Listed entries:
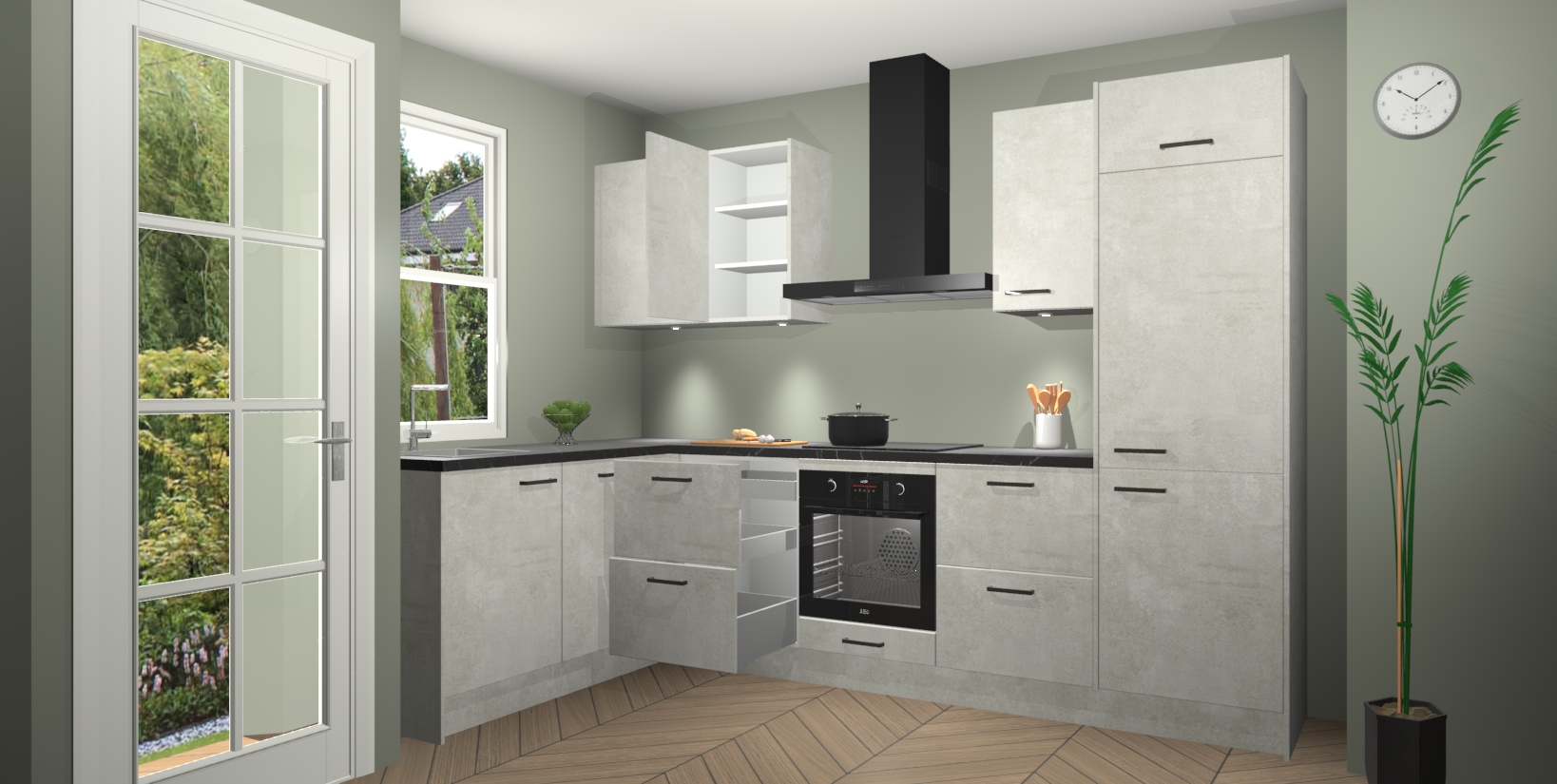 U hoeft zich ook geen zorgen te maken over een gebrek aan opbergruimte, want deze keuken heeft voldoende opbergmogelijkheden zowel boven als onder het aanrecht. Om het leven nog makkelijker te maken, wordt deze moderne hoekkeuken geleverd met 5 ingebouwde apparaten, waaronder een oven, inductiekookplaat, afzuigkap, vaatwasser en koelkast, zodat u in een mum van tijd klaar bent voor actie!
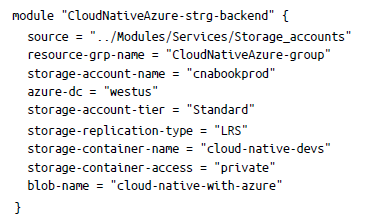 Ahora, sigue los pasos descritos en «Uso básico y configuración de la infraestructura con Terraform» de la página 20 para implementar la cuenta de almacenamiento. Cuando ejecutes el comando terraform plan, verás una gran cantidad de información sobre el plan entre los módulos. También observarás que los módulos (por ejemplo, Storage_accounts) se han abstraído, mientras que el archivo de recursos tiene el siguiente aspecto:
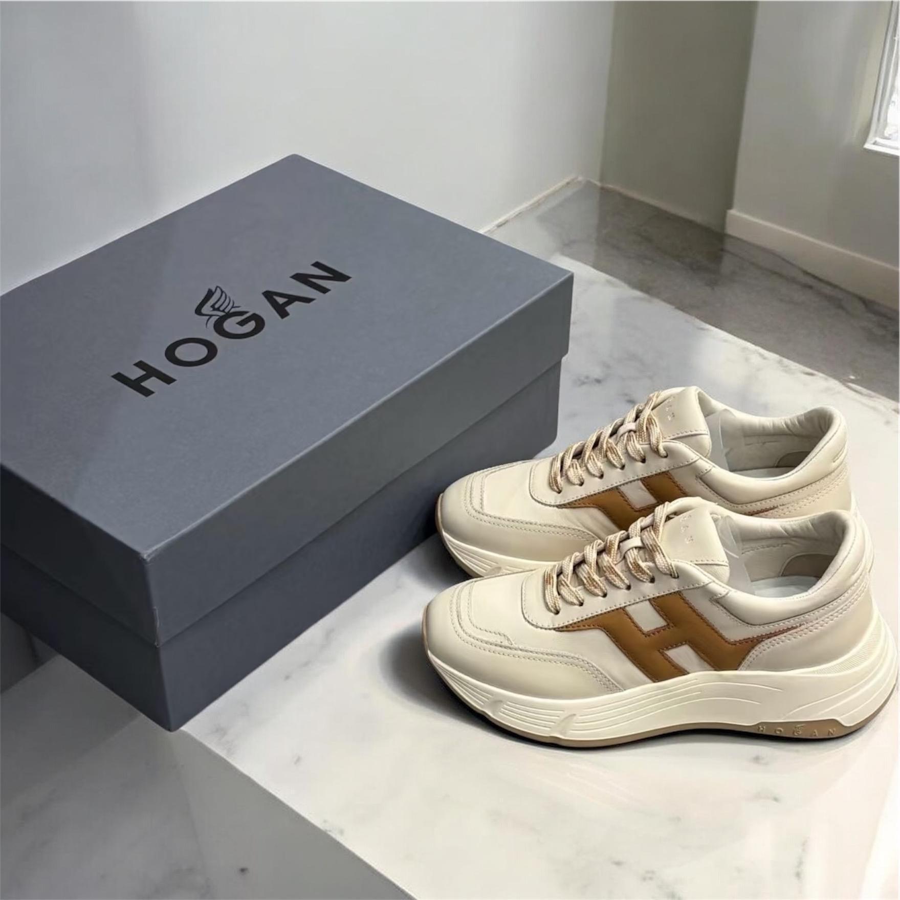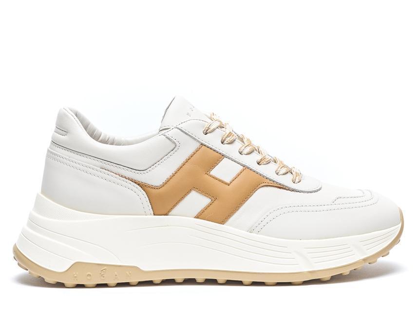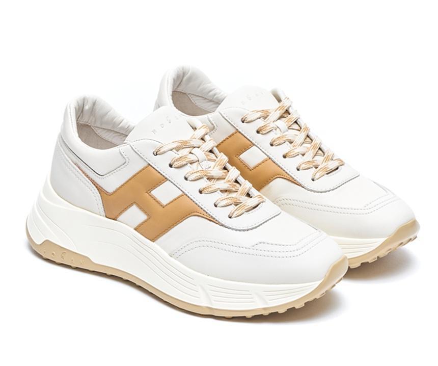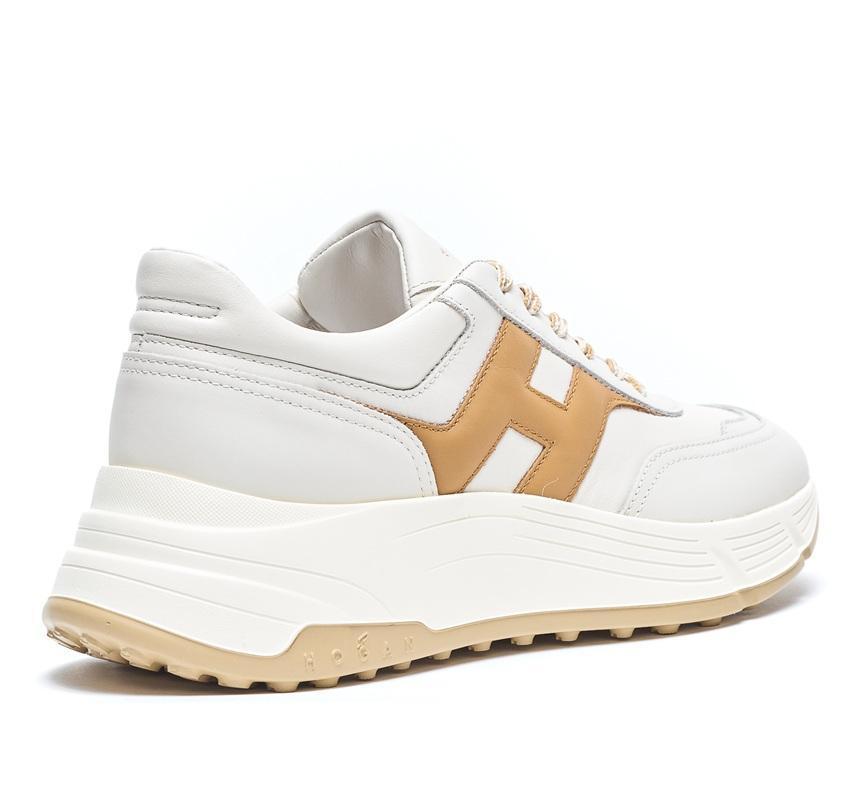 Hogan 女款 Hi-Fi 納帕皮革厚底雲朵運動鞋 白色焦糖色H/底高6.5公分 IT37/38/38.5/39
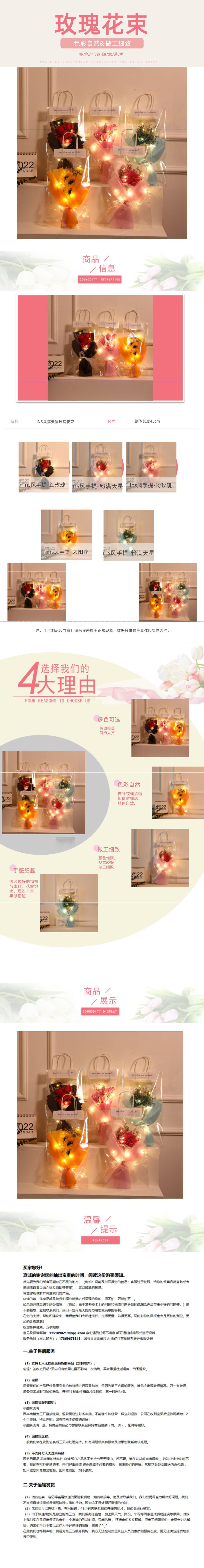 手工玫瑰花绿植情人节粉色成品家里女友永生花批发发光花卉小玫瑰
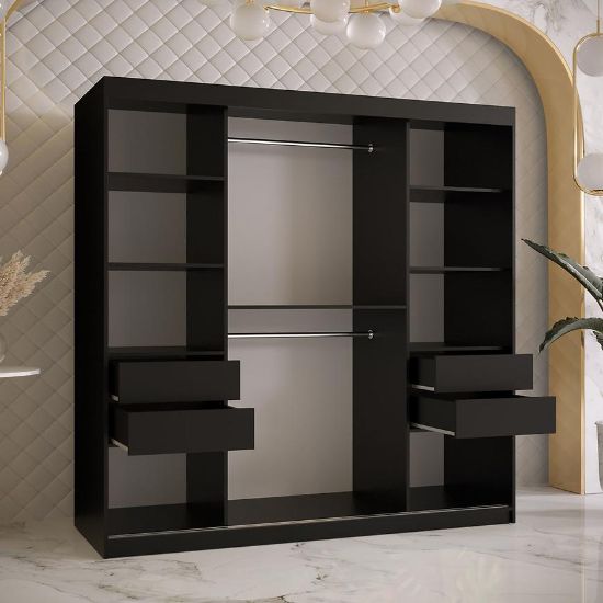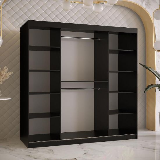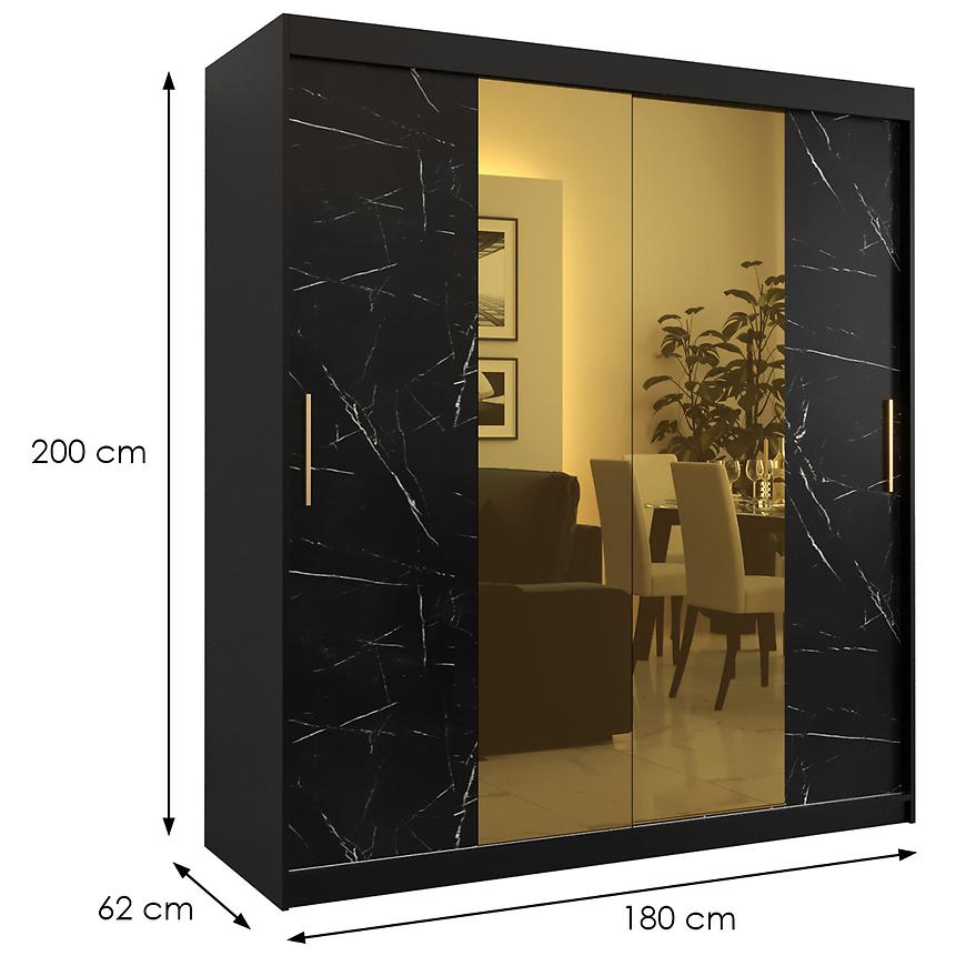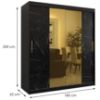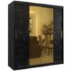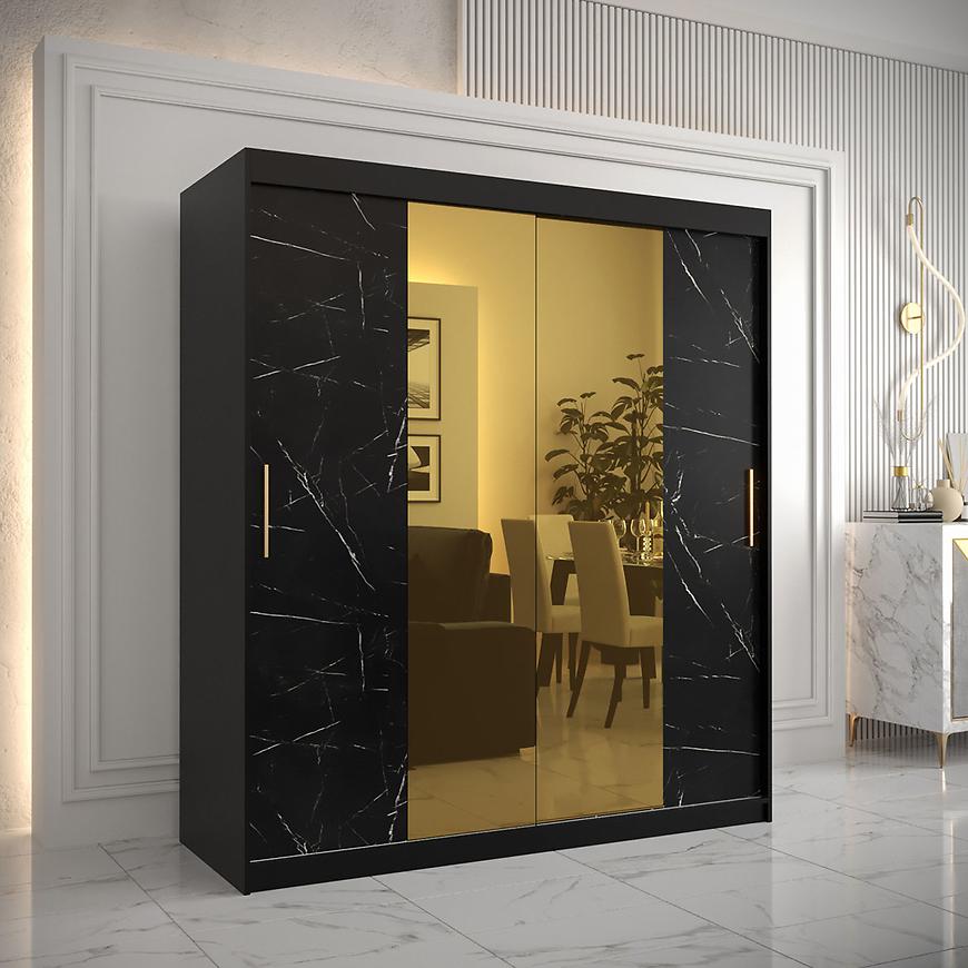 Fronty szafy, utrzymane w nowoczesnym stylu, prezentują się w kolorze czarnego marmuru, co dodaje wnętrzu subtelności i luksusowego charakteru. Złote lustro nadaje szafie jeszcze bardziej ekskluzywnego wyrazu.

Task requirements:
Without including any picture, output all the material exactly as it appears.

Your solution:
 U hoeft zich ook geen zorgen te maken over een gebrek aan opbergruimte, want deze keuken heeft voldoende opbergmogelijkheden zowel boven als onder het aanrecht. Om het leven nog makkelijker te maken, wordt deze moderne hoekkeuken geleverd met 5 ingebouwde apparaten, waaronder een oven, inductiekookplaat, afzuigkap, vaatwasser en koelkast, zodat u in een mum van tijd klaar bent voor actie!
 Ahora, sigue los pasos descritos en «Uso básico y configuración de la infraestructura con Terraform» de la página 20 para implementar la cuenta de almacenamiento. Cuando ejecutes el comando terraform plan, verás una gran cantidad de información sobre el plan entre los módulos. También observarás que los módulos (por ejemplo, Storage_accounts) se han abstraído, mientras que el archivo de recursos tiene el siguiente aspecto:
 Hogan 女款 Hi-Fi 納帕皮革厚底雲朵運動鞋 白色焦糖色H/底高6.5公分 IT37/38/38.5/39
 手工玫瑰花绿植情人节粉色成品家里女友永生花批发发光花卉小玫瑰
 Fronty szafy, utrzymane w nowoczesnym stylu, prezentują się w kolorze czarnego marmuru, co dodaje wnętrzu subtelności i luksusowego charakteru. Złote lustro nadaje szafie jeszcze bardziej ekskluzywnego wyrazu.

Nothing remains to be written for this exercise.